В этот наиболее решающий момент беседы с царем в сознании Пушкина не могла снова не вспыхнуть все та же, в течение последних месяцев так мучившая его, мысль о виселице пятерых, о каторге остальных декабристов. Но «взгляд Шекспира», возникшее в поэте и всего его захватившее доверие к обещаниям Николая, связанные с этим надежды на «славу и добро» (формула вскоре написанных «Стансов») и для всего русского народа, и для будущего самих «каторжников», брошенные на другую чашу весов, перевесили.
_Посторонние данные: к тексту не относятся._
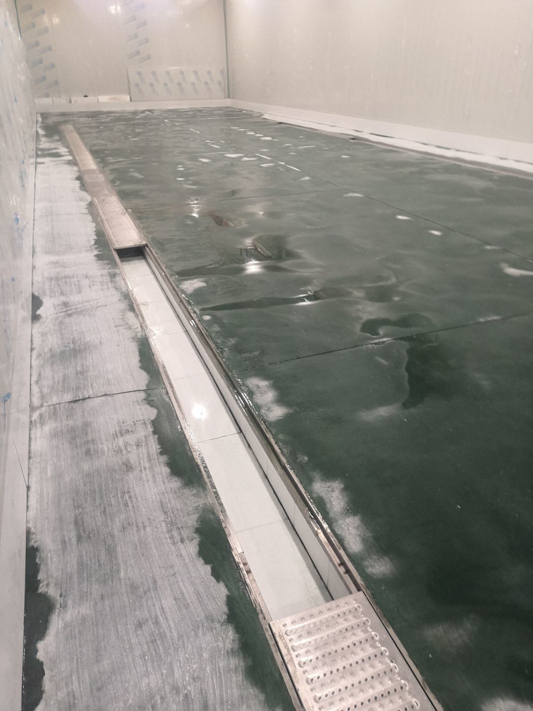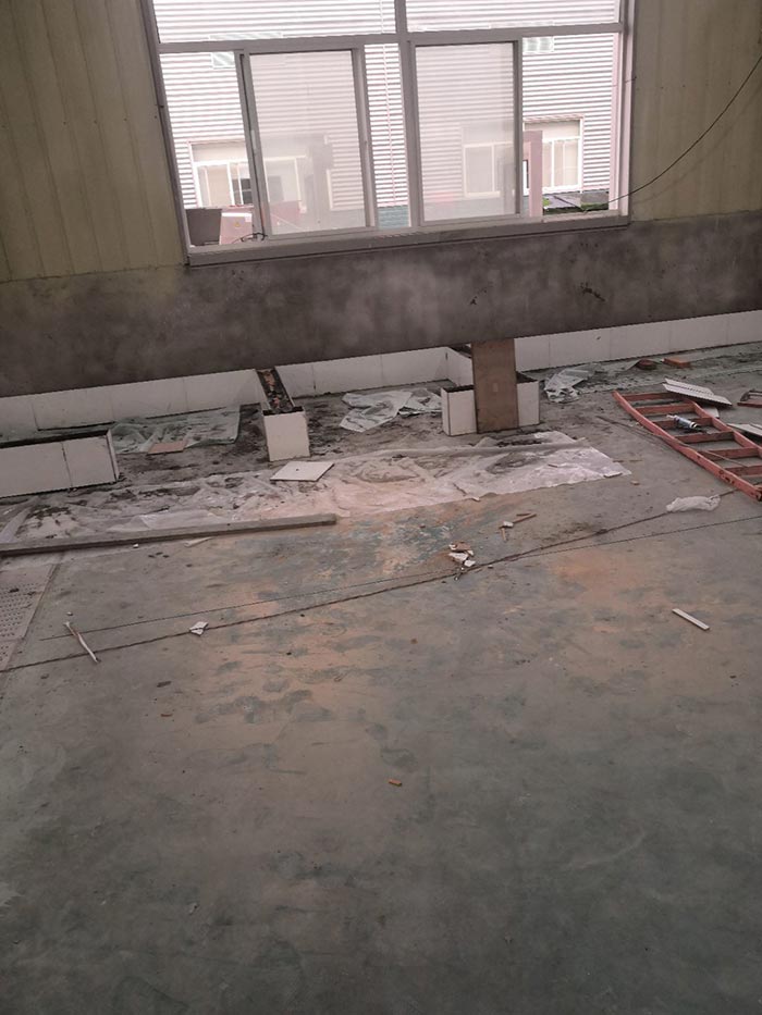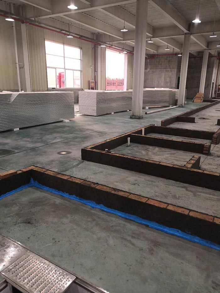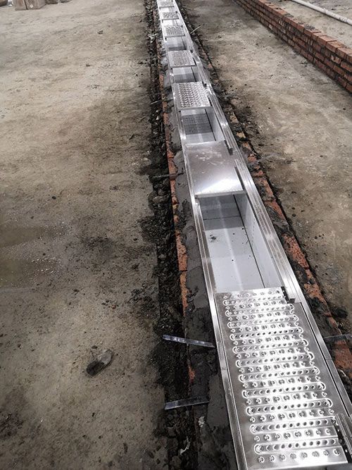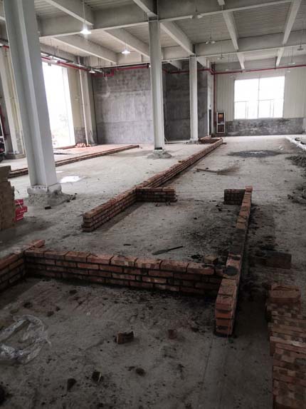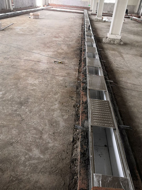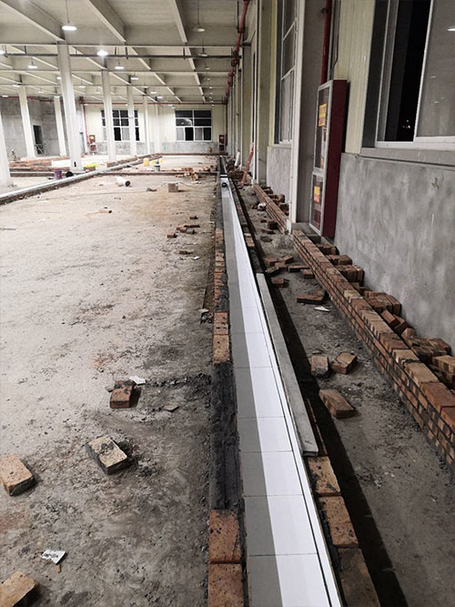 1.土建墻開門洞 2.不銹鋼溝邊條焊接加固 3.排水管不銹鋼溝邊條,不銹鋼蓋板安裝, 4.排水管貼瓷磚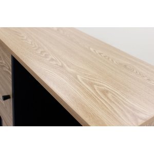 La **credenza moderna con 6 vani in truciolare cm 100×39,5×135 – QUANAH** è la soluzione d’arredo perfetta per chi cerca funzionalità ed eleganza in un’unica struttura compatta. Realizzata in resistente truciolare bilaminato, questa credenza unisce l’aspetto caldo e naturale delle ante effetto legno con la modernità della struttura e dei ripiani interni in nero opaco, creando un raffinato contrasto visivo. Lo stile contemporaneo pulito e lineare si adatta perfettamente a soggiorni, sale da pranzo o ambienti living dal design attuale, offrendo un’eccellente capacità di contenimento grazie ai suoi 6 vani chiusi con 3 pratiche ante. Le dimensioni compatte e l’altezza contenuta permettono di sfruttare al meglio lo spazio verticale, senza rinunciare all’estetica. I piedini neri sottili ed eleganti aggiungono un tocco leggero e sollevano visivamente la struttura, agevolando anche le operazioni di pulizia. La **QUANAH** esprime al meglio il suo valore in ambienti moderni dove ordine, design e praticità sono protagonisti, rendendo ogni angolo della casa più organizzato e stiloso.

И когда поэт наконец протянул руку Николаю (не царь ему, как полагалось бы по этикету, а он — царю!), он и в самом деле готов был, как писал в уже известном нам письме Дельвигу, «вполне и искренно» помириться с ним. Эти две выразительнейшие детали: только что данный поэтом бесстрашный ответ на вопрос, с кем бы он был 14 декабря, и рука, протянутая после долгого колебания, — помогают нам понять многое из того, что на первый взгляд может показаться таким противоречивым в пушкинской политической лирике подекабрьских лет. «Пушкин был тронут и ушел глубоко взволнованный, — пишет в своем „Курсе славянских литератур“ Мицкевич. — Он рассказывал своим друзьям иностранцам, что, слушая императора, не мог не подчиниться ему. „Как я хотел бы его ненавидеть! — говорил он. — Но что мне делать? За что мне ненавидеть его?“» (IV, 389). Несомненно, что именно нечто подобное проносилось в сознании Пушкина в решающие минуты «длинного молчания» при разговоре с царем. «Его я просто полюбил», — скажет поэт примерно год спустя в своих новых стансах «Друзьям».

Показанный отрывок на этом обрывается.